The two page IPCC press release that summarises the Fifth Assessment Report (2013) makes grim reading. However, I wonder if the full impact is appreciated by those with limited appreciation of science? In the UK many politicians in senior roles have low levels of scientific education.

When sat in a heated and air conditioned office a gradual change to the thermostat of a couple degrees C might not even be noticed. Similarly, an average annual sea level rise of around 17mm doesn't sound particularly worrying.

UK Secretary of State for the Environment, Owen Paterson,from his comments on the BBC Radio 4 programme 'Any Questions?' on 7 June 2013 appears to be a believer in many of the arguments put forward by climate change deniers. It is perhaps no surprise that his Department plans major major spending cuts on climate change initiatives.

No surprise that David Rose reporting in Mail on Sunday reported on a leaked copy of the IPCC Fifth Assessment Report with the headline World's top climate scientists confess: Global warming is just QUARTER what we thought - and computers got the effects of greenhouse gases wrong. It also states Scientists accept their computers may have exaggerated as if the computers had minds of their own! A graph is labelled with The catastrophic errors: how 36 of 38 most important climate computers forecast doom that never was.

James Delingpole (who is right about everything) wrote in The Telegraph under the headline 95 per cent of intelligent people know the new IPCC report is utter drivel. No surprises that he states that global warming has paused for 15 years; that climate sensitivity appears to be far smaller than the scaremongering computer models predicted a common but misleading argument explained in The global temperature jigsaw.

Fortunately, Nick Collins, a Science Correspondent for The Telegraph produced a better balanced news report under the headline IPCC report: global warming is 'unequivocal' although someone, presumably a sub-editor, decided that unequivocal in the headline needed quotes.

The Guardian has a special section under Environment dedicated to the Intergovernmental Panel on Climate Change (IPCC). This is a reliable source of news.

The Executive Summary in Chapter 9 - Evaluation of Climate Models states The ability of climate models to simulate surface temperature has improved in many, though not all, important aspects relative to the generation of models assessed in the AR4. There continues to be very high confidence that models reproduce observed large-scale mean surface temperature patterns (pattern correlation of ~0.99), though systematic errors of several degrees are found in some regions, particularly over high topography, near the ice edge in the North Atlantic, and over regions of ocean upwelling near the equator.

FAQ 9.1 in Chapter 9 - Evaluation of Climate Models states So, yes, climate models are getting better, and we can demonstrate this with quantitative performance metrics based on historical observations.

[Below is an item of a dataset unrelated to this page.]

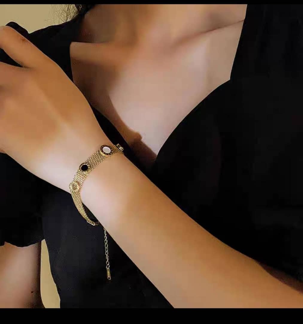 إسورة فاخرة مصنوعة من الستانلس ستيل الذهبي، مزينة بتفاصيل دوائر بتصميم رخامي ناعم، تجمع بين البساطة والفخامة لتضفي لمسة راقية على معصمك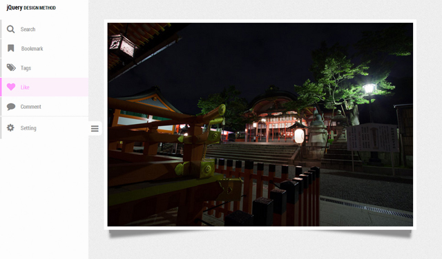 今回のサンプルでは、開閉ナビゲーションの仕組みのほかに、lazyloadプラグインを使用してWebページで使用する画像をページ表示時に一度に読み込むのではなく、ユーザーのページのスクロールにあわせて、その画像が表示されるべき位置に達したときにその画像が読み込まれる「画像遅延読み込み」という手法も実装しています。これはサンプルのように大きめの画像を大量に扱うページなどに実装すると、サーバー付加の軽減や、回線速度が遅い環境での表示速度向上を期待できるメリットがあります。

Broadly speaking, climate models are getting better and recent change in global temperatures reflect the predictions of climate models for almost all regions.


1 comment:

  1. Great post. As climate models are getting better at projecting what might happen a great deal of our politicians and media seem firmly stuck in inflexible ways of thinking. Unwilling to do much else it seems apart from name call.
    If we are going to survive climate change we need people who are able to think more creatively and reflexively about what is happening.